§ **Source material**:

□ □ □ □ □

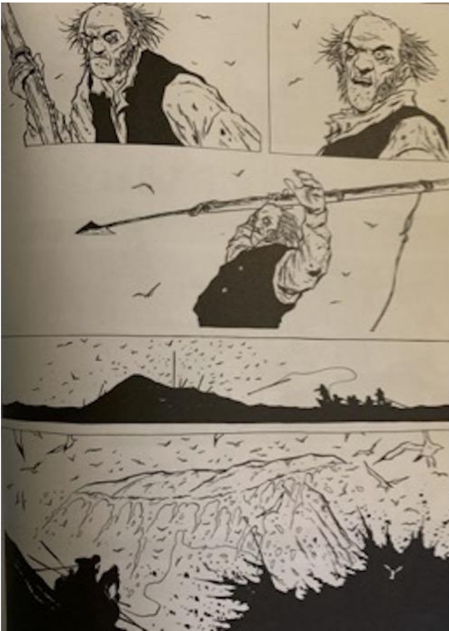
Moby Dick, Christophe Chabouté, 2017.

figura del capitano Achab, che egli considera la quintessenza del borderline.
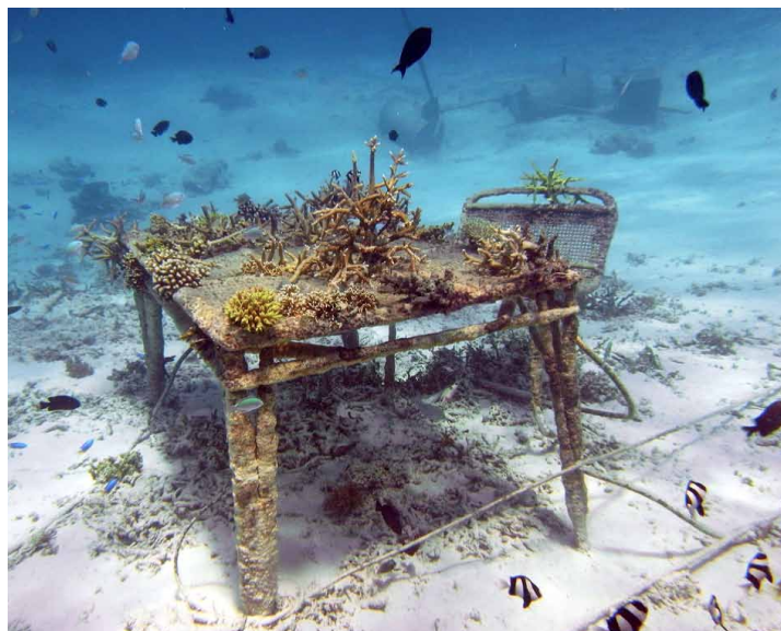
© Mineral Accretion Factory. David Enon

Concevoir, dessiner et mettre en production une gamme d'objets/mobilier/sculptures en "récif artificiel" selon le principe d'alterproduction "Minéral Accretion Furniture" et participer à la préservation du littoral (faune/flore) notamment par le développement des récifs coralliens.
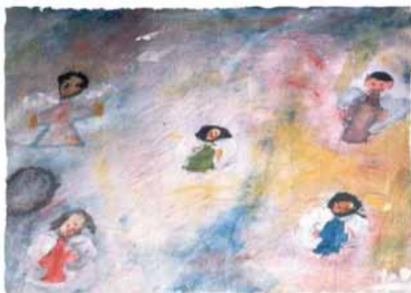
NADIA CRUZ - 8 años

El 1° de Noviembre los difuntos regresan a visitar las casas donde vivieron. Ese día se prepara su comida favorita.
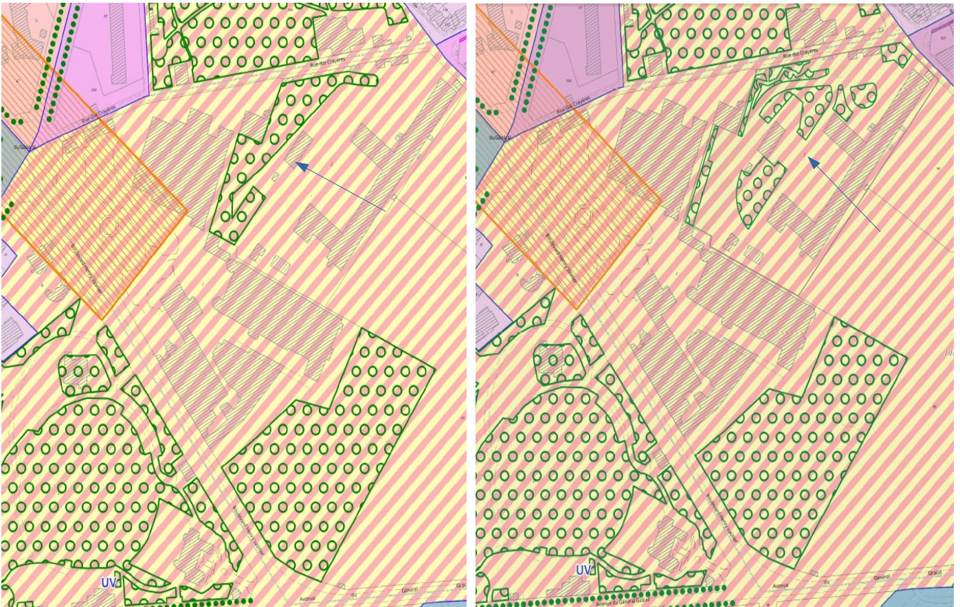
Réaménagement de l'EBC présent sur le site des Crayères avant (image à gauche) et après (image à droite) la révision allégée du PLU (voir flèche) – Source : dossier du pétitionnaire.
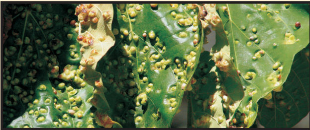
पारोप्साइला फिसिकोला कॉफिर द्वारा संक्रमित फाइक्स रॉक्सबर्घाई की गॉलयुक्त विकृत पत्तियां
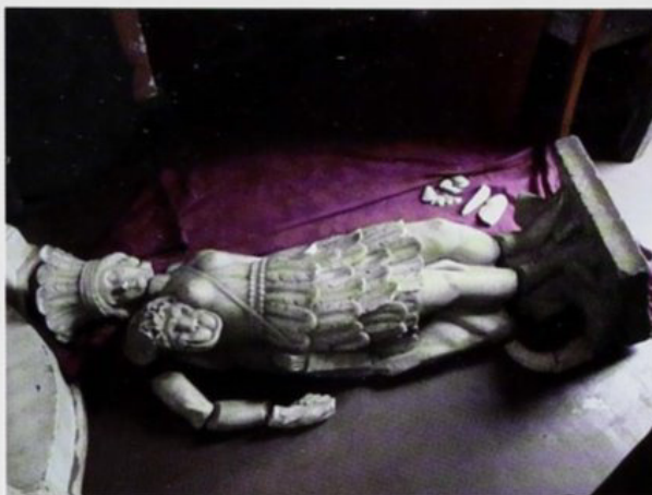
Escultura de América tal como se encuentra el día de hoy en la casa de la Sra. Alvarado, vecina de El Cercado. Foto: A. Castrillón, 2009.

Por otro lado, los alcaldes de Lima no han sido muy buenos guardianes del patrimonio escultórico de su ciudad: ¿Cuántas esculturas han desaparecido entre gallos y media noche? Las del monumento a Humboldt en el Parque de la Reserva; El Invierno , que representaba a un anciano bien abrigado, con sombrero y fumando una pipa, formaba parte de "Las cuatro estaciones" del Paseo Colón. Hace muchos años un ómnibus de servicio público se la llevó de encuentro y la fraccionó; la Municipalidad la recluyó en uno de sus depósitos y hasta el día de hoy no se ha restaurado. El niño de las canicas de Ismael Pozo Velit; la representación de América en la plaza del Cercado, Barrios Altos. 10 ¿Cuántos monumentos han sido objeto de cambios caprichosos? El ejemplo más conocido es el de Pizarro que desde el atrio de la catedral pasó a la placita de la calle Palacio y de ahí al Parque de la Muralla, sin pedestal y sin los relieves laterales hechos por Piqueras Cotoquí. Otra escultura que ha incomodado a los alcaldes de Miraflores ha sido Hacia la gloria de Lajos D'Ebneth, que representa
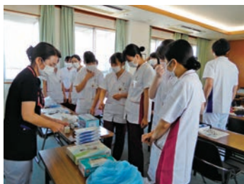
認定看護師が活躍しています

当院は、脳・神経・運動器の総合的専門病院です。私達は、病院の理念を基盤に各部署の課題達成に向け年間計画を立て、全員が同じ目標に向かって取り組んでいます。看護部の理念は「専門職として知識・技術の向上に努める」、基本方針は「すべての人に心をこめた専門性の高い看護」です。また 看護部のキャッチフレーズとして「看護という感動と一緒に」を掲げ看護を行っています。そして一人一人が幸せでやりがいのある、働き続けられる病院をめざし、職場環境の改善・整備に取り組んでいます。
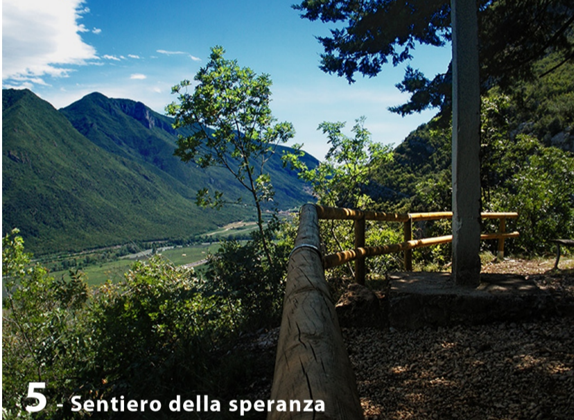
5 - Sentiero della speranza
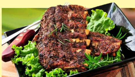
Costelinha de Porco de forno
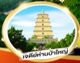
เจดีย์ห่านป่าใหญ่
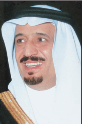
الأمير سلمان بن عبد العزيز

وكان صاحب السمو الملكي الأمير الفريقي ركن متعب بن عبدالله بن عبدالعزيز نائب رئيس الحرس الوطني المساعد للشؤون العسكرية قد قام أولاً بتسليم سمو الأمير سلطان بن سلمان شيكاً يمثل ربع مزار إقامة إسطنبول أبناء الملك عبدالله بن عبدالعزيز لعدد من الجياد وتم تخصيص ريعه لصالح جمعية الأطفال المعوقين في إطار ما تحظى به الجمعية من مساندة دائمة ودعم كريم من أبناء خادم الحرمين الشريفين.
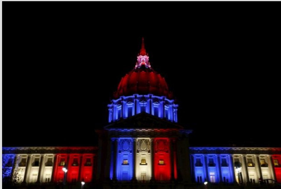
L'Hotel de ville de San Francisco
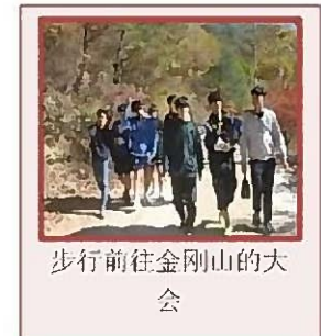
步行前往金刚山的大会
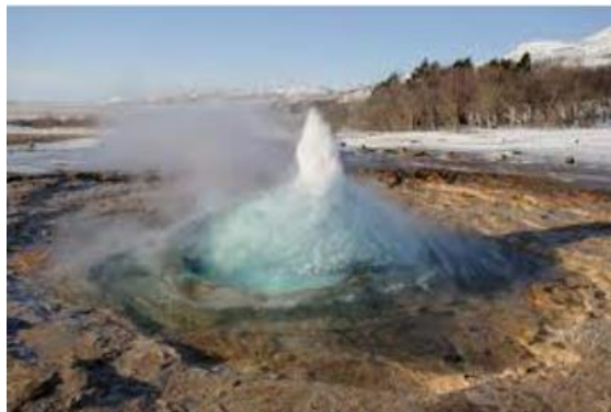
Geyser de Strokkur
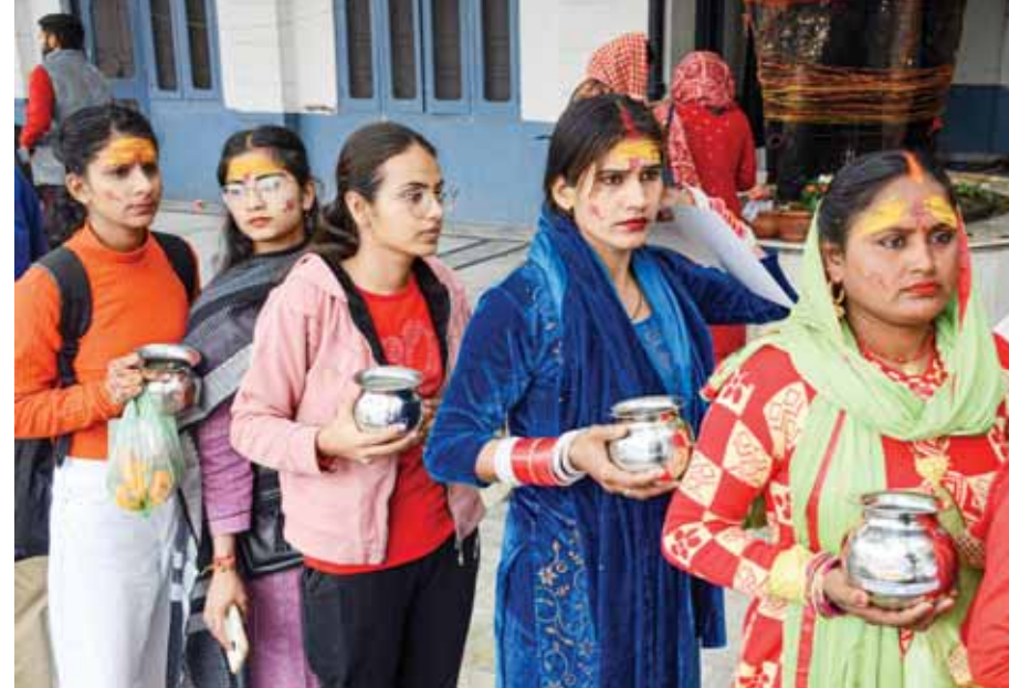
अमृतसर में बुधवार को महाशिवरात्रि के अवसर पर शिव मंदिर में प्रार्थना करने के लिए कतार में लगे हुए।

पंजाब, हरियाणा और चंडीगढ़ के मंदिरों में बुधवार को महाशिवरात्रि के अवसर पर पूजा-अर्चना करने के लिए बड़ी संख्या में श्रद्धालुओं की भीड़ उमड़ पड़ी। महाशिवरात्रि के मौके पर लोग सुबह-सुबह ही दूध और फल चढ़ाने के लिए मंदिरों में पहुंचने लगे। कई शिव मंदिरों के बाहर श्रद्धालुओं की लंबी कतारें नजर आईं। हरियाणा के मुख्यमंत्री नयब सिंह सैनी और पंजाब के मुख्यमंत्री भगतवंत मान ने लोगों को महाशिवरात्रि की हार्दिक शुभकामनाएं दीं। सैनी ने नई दिल्ली स्थित हरियाणा भवन के शिव मंदिर में सुबह
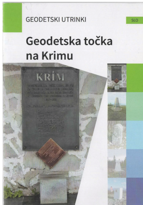
Slika 4: Naslovna stran prve brošure iz zbirke Geodetski utrinki. Izdajo brošure je omogočila Geodetska uprava Republike Slovenije (vir: GIS, 2022).
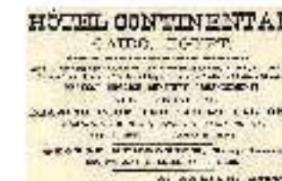
4.5 Publicidad del Hotel Continental del Cairo
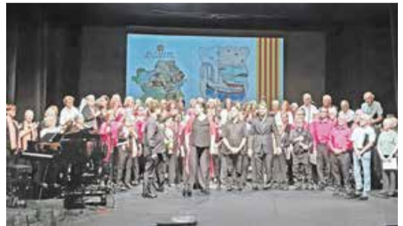
Moment del 32è Musicoral a l'Auditori Municipal Miquel Pont.

El concert es va cloure amb un cant comú, enguany, L'habanera del Vallès .
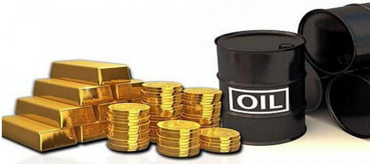
بهای طلای سیاه در معاملات امروز بازار جهانی افزایش یافت

به گزارش خبرگزاری مهر به نقل از رویترز، نگرانی ها از تشدید تنش ها در اوکراین به دلیل اجازه غرب به کی یف برای استفاده از موشک های دوربرد در عمق خاک روسیه، و از سوی دیگر امیدواری ها برای افزایش تقاضا از سوی چین باعث شد بهای نفت امروز در بازار جهانی روند صعودی داشته باشد.
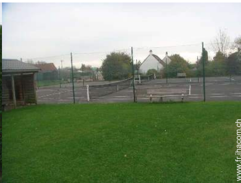
Tennis - surface dure
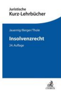
Insolvenzrecht Ladenpreis: 24,60EUR
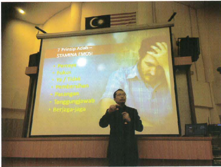
Penceramah sedang menyampaikan ceramah motivasi
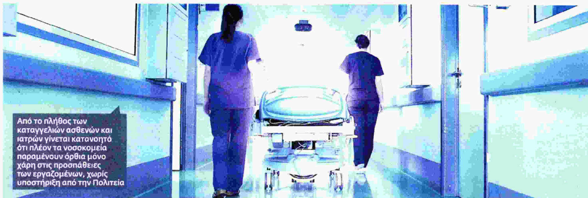
Από το πλήθος των καταγγελιών ασθενών και ιατρών γίνεται κατανοητό ότι πλέον τα νοσοκομεία παραμένουν όρθια μόνο χάρη στις προσπάθειες των εργαζομένων, χωρίς υποστήριξη από την Πολιτεία
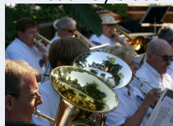
C'ville's municipal band.
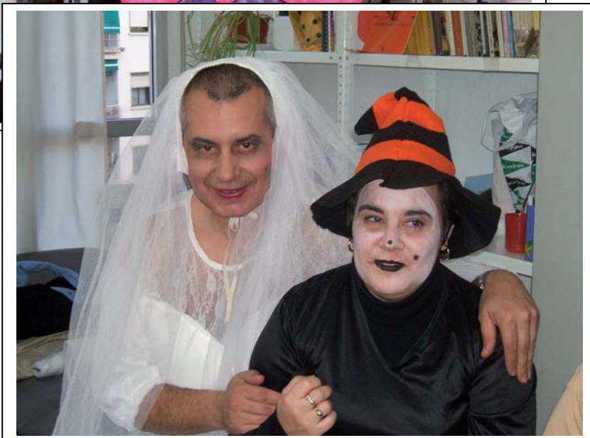
Ella brujiita y el de Novia
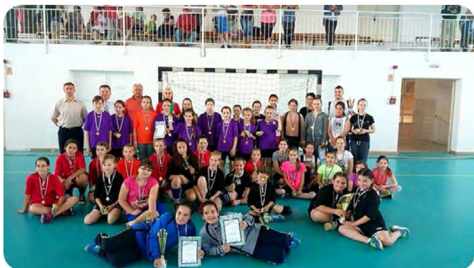
Hazai pályán lett első az U 10-es csapat

U-10 csapatunk hazai pályán, szintén egy négycsapatos tornán első helyezést értek el. Gratulálunk a gyerekeknek a kitartó edzőmunkáért!
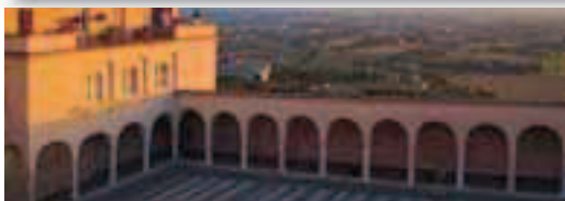
Cod. 25154 Prod. E0-11540
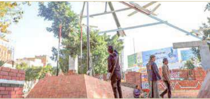
الحوثيون يستخدمون وزارة الاتصالات بصنعاء لدعم العمليات العدائية

أعلن التحالف الذي تقوده السعودية في اليمن أمس الاثنين أنه دمر نظام اتصالات، يستخدم بحسب قوله، في هجمات بطائرات مسيرة تابعة للحوثيين، ويقع قرب وزارة الاتصالات في صنعاء.
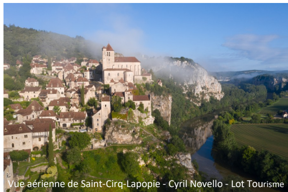
Vue aérienne de Saint-Cirq-Lapopie
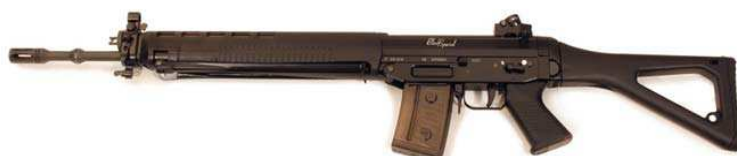
Sturmgewehr 90 heute
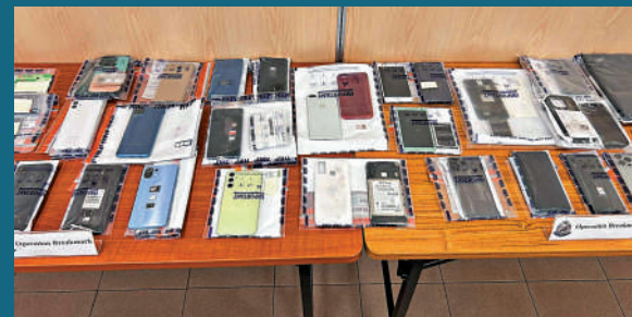
警方在破標行動檢獲大批手機及單據等證物。
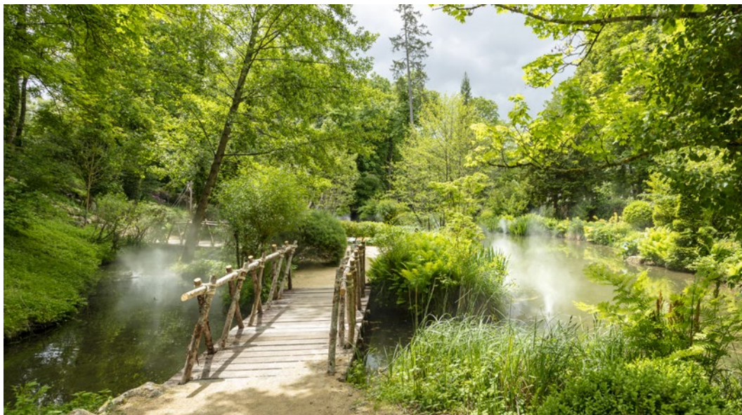
Le Jardin de Léonard
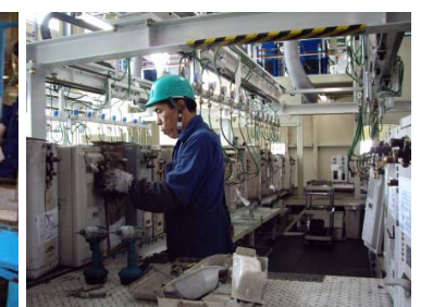
エアコン冷媒フロン回収
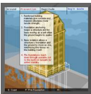
Fig. 21. Elección de la construcción
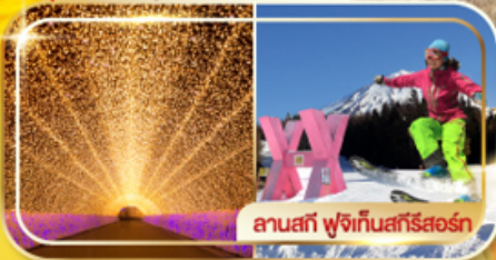
ลานสกี ฟุจิกั้นสกีรีสอร์ท
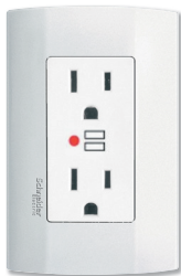
Toma dúplex 2P+T GFCI con placa
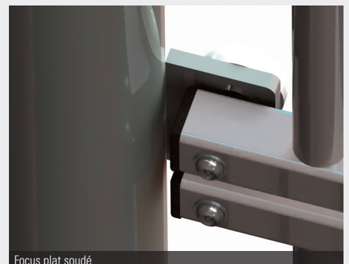
Focus plat soudé
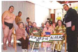
立浪部屋来苑・ちゃんこ鍋披露
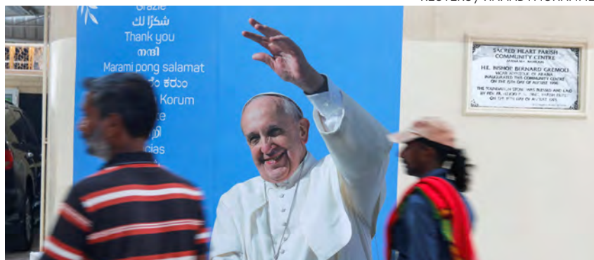
↑ Cartel de bienvenida al Papa en la iglesia del Sagrado Corazón, en Manama.
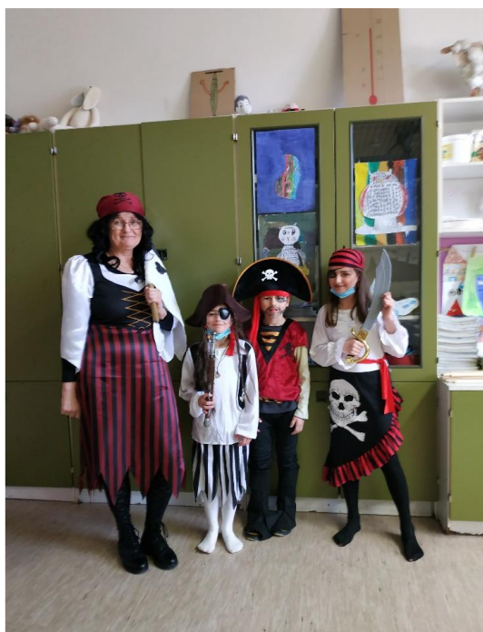
Gusarji v razredu

Minil je tudi prav poseben dan. Učiteljica je uvedla za dve šolski uri nov predmet – učenje igranja. Mogoče veste kaj je hotela s tem doseči?
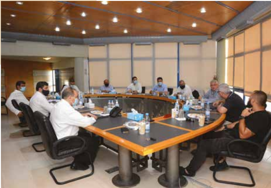
Στιγμιότυπο από τη συνάντηση με βουλευτές της Αμμοχώστου

□ □ □ □ □

§ **What this task involves**: Everything from the line with "立浪部屋来苑・ちゃんこ鍋披露" through the final line of the material is to be returned exactly, both ends included, apart from the pictures.

§ **Response**:
立浪部屋来苑・ちゃんこ鍋披露
↑ Cartel de bienvenida al Papa en la iglesia del Sagrado Corazón, en Manama.
Gusarji v razredu

Minil je tudi prav poseben dan. Učiteljica je uvedla za dve šolski uri nov predmet – učenje igranja. Mogoče veste kaj je hotela s tem doseči?
Στιγμιότυπο από τη συνάντηση με βουλευτές της Αμμοχώστου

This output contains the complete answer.